DORRANCE — With afternoon temperatures hovering near the century mark, farmers almost have been able to head to the field soon after they’re finished with breakfast.
And with abundant rains over much of the area earlier this spring, the bounty they’ve been getting has been top-notch.
On Tuesday, a pair of John Deere combines worked their way through a field of wheat planted by the Kirk Brown farm of Russell. The combines in the field a little more than a mile east of Dorrance were transferring the golden kernels first into a grain cart and then into a pair of waiting semis.
Yields have been strong enough to keep the truck drivers busy.
“Doing good,” driver Terry Schmeidler, Walker, said of the wheat as he uncovered the hopper on his truck just prior to pulling onto the scale at the United Ag elevator in Dorrance. “Right at 63.”

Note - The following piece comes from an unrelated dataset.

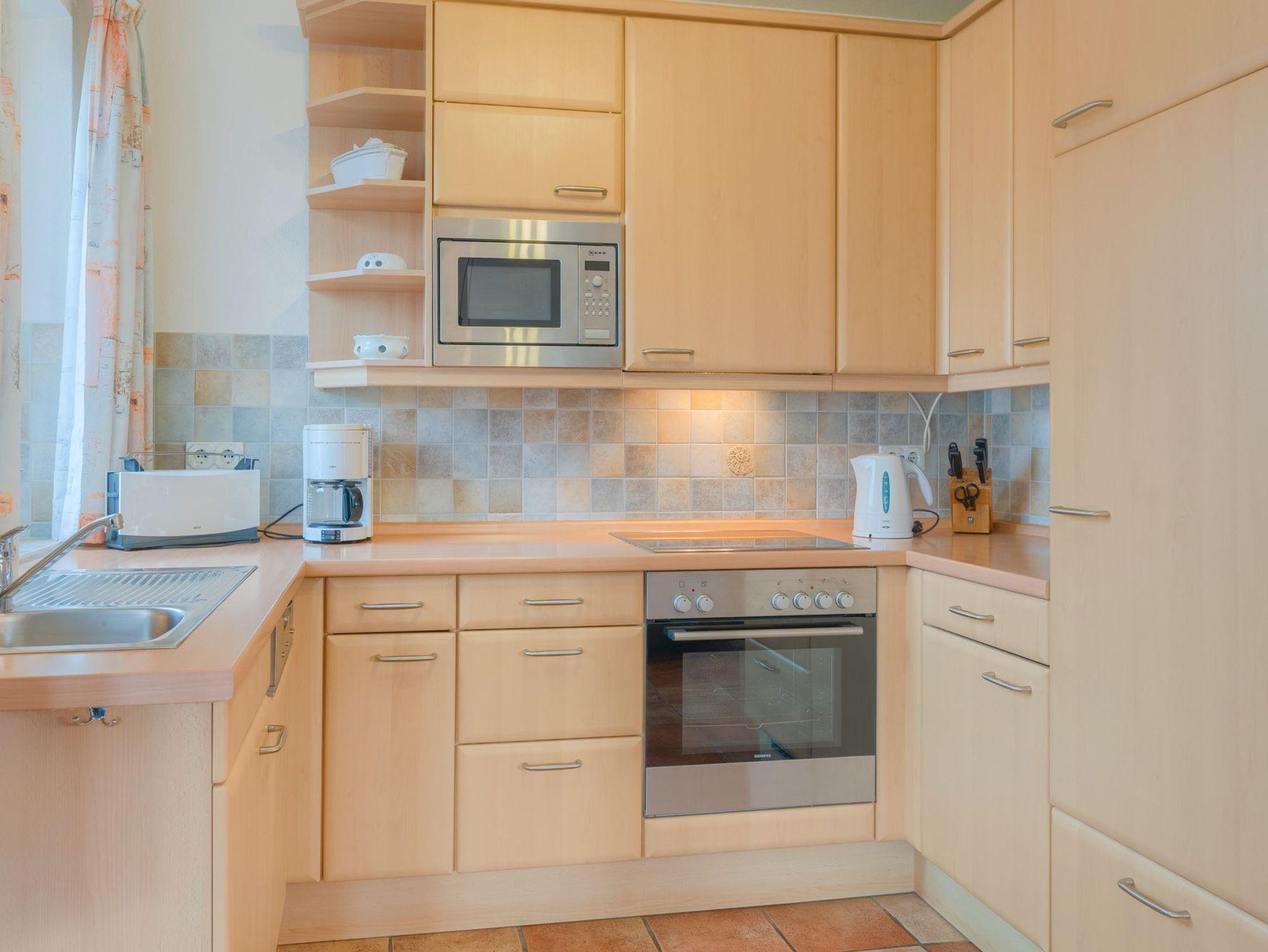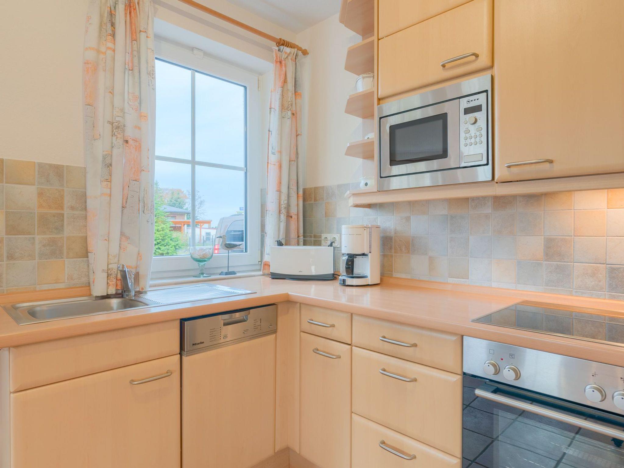 Die hier angrenzende Küchenzeile ist mit einem Kühlschrank mit Gefrierfach, einem Geschirrspüler, einem Backofen mit Cerankochfeld und einer Mikrowelle ausgestattet. Eine Kaffeemaschine, ein Toaster, ein Eierkocher und ein Wasserkocher stehen Ihnen hier selbstverständlich zur Verfügung.

As in 63 bushels per acre, he said, a good crop in almost anyone’s book — again thanks to the rains earlier this year.
That was the readout on the combine, he said, which normally fluctuates as operators make their way through a field of wheat.
The Kansas wheat harvest is spreading like wildfire in the summer’s heat and has made its way west of Hays. Some farmers now are wrapping up in south-central Kansas.
For the most part, the Kansas Wheat Commission — in its brief daily harvest reports — said yields have been running better than most farmers were expecting.